Pharm‐AutoML requires input data to be in comma‐separated values (CSVs) format, which includes both the input features and prediction targets as columns, and the instances are given as rows. The target column consists of binary or multiclass labels (with or without missing values). By default, all the columns, except the prediction target, are treated as input data features, although the user has the ability to explicitly remove specific features. Pharm‐AutoML also supports categorical string data and qualitative data (with or without missing value) in the feature columns. It is noteworthy that if the modelers wish to treat a feature with numerical value as categorical data, Pharm‐AutoML requires the modelers to specify the corresponding feature names in the categorical_features parameter.

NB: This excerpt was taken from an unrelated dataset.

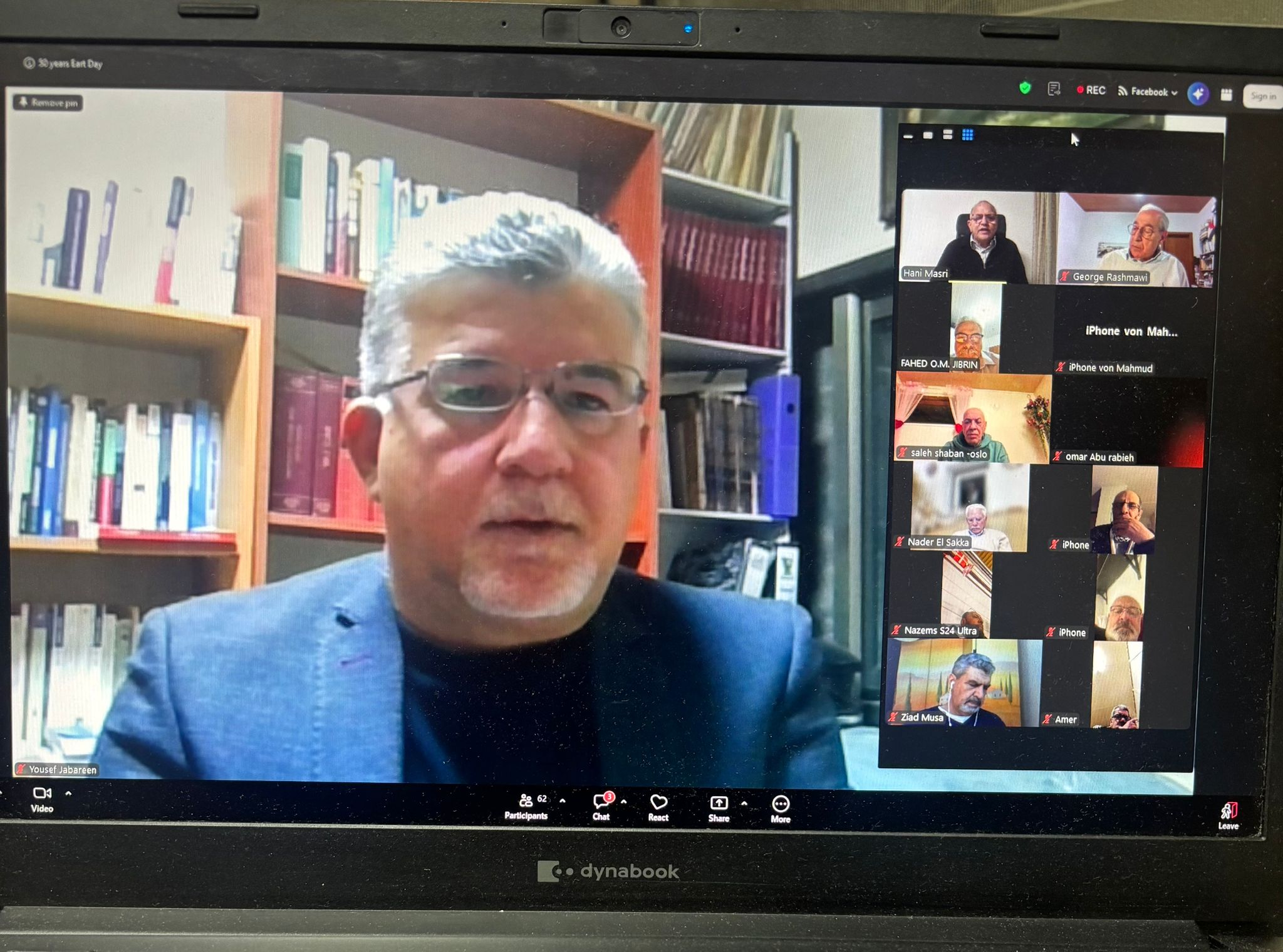 وفي مداخلته، تحدّث د. يوسف جبارين حول الحالة الفلسطينيّة العامّة عبر طرفي الخط الأخضر، متطرقًا إلى التّحديات الجسام الّتي يواجهها المجتمع الفلسطينيّ في الجليل والمثلث والنقب والساحل، وخاصّة في ظل سياسات تضييق الخناق وتقليص هامش الحريّات السياسيّة، إضافةً ما يعانيه الاهالي في النّقب من هجمة ممنهجة تستهدف وجوده على أراضيه التّاريخيّة.

The user also needs to specify the directory (result_path) as a required parameter to save all the preprocessed data, refitted models, and results plots.

Preprocessing: feature selection and imputation (modules 1 and 2)

There are two modules in the data preprocessing step, feature selection (module 1) and imputation (module 2). We applied two different data preprocessing strategies for the respective branches. In the missing imputation branch, feature selection module (1A) first removes instances that lack prediction targets. In the same module, the algorithm checks if the data have features that take on identical values and removes those features. In addition, the user may manually ignore specific features via the drop_features setting. This allows the instances and features that have a missing fraction higher than the missing_threshold to be dropped. Further, pairs of features found to be redundant when the Pearson correlation coefficient is greater than the setting threshold (correlation_threshold) are identified and the second feature of each pair is removed. Next, the data processed by the feature selection module 1A is passed to the imputation module 2A. The imputation module first removes categorical features with a high ratio to the number of unique subjects (check_diff_cat_threshold), for instance, patient names, then imputes the data based on whether the feature is numerical or categorical (impute_numerical_threshold or impute_categorical_strategy). By default setting (which the user has the ability to change), categorical features are imputed by the most frequent value and numerical features are imputed by the mean value. Finally, categorical features are one‐hot encoded. The Boolean parameter add_nan_label determines if Pharm‐AutoML adds new features to label all missing values. On the other hand, in the Pharm‐AutoML branch B allow missing, none of the imputation strategy is used for features‐selected data. The users are allowed to pass multiple sets of preprocessing parameters to Pharm‐AutoML, thus generating multiple preprocessed data. Pharm‐AutoML saves all of these preprocessed data into result_path as well as passing it to the data split module (module 3).

Data splitting (module 3)

Following the data preprocessing module, Pharm‐AutoML splits the preprocessed data into training data (80% of all data) and test data (20% of all data) in a stratified manner, which preserves the same proportions of target variables in training and test sets. These preprocessed data are then saved into the results folder. To preserve the independence of the test data, it is not used until testing the fine‐tuned model in module 5. In order to select the best ML model on training data, the model selection module further splits the total training data in a stratified manner into fold‐specific training data and validation data with n_folds cross‐validation (done only once, see Figure 3). The parameter n_repeats controls the number of repeated stratified splits with different randomization. Therefore, in n_repeats cross‐validation, the n_folds cross‐validation procedure will be repeated n_repeats times randomly. All splits of the training data enable the model selection module (modules 4A and 4B) to not only reduce the model overfitting, but also to identify the most stable model among all classifiers.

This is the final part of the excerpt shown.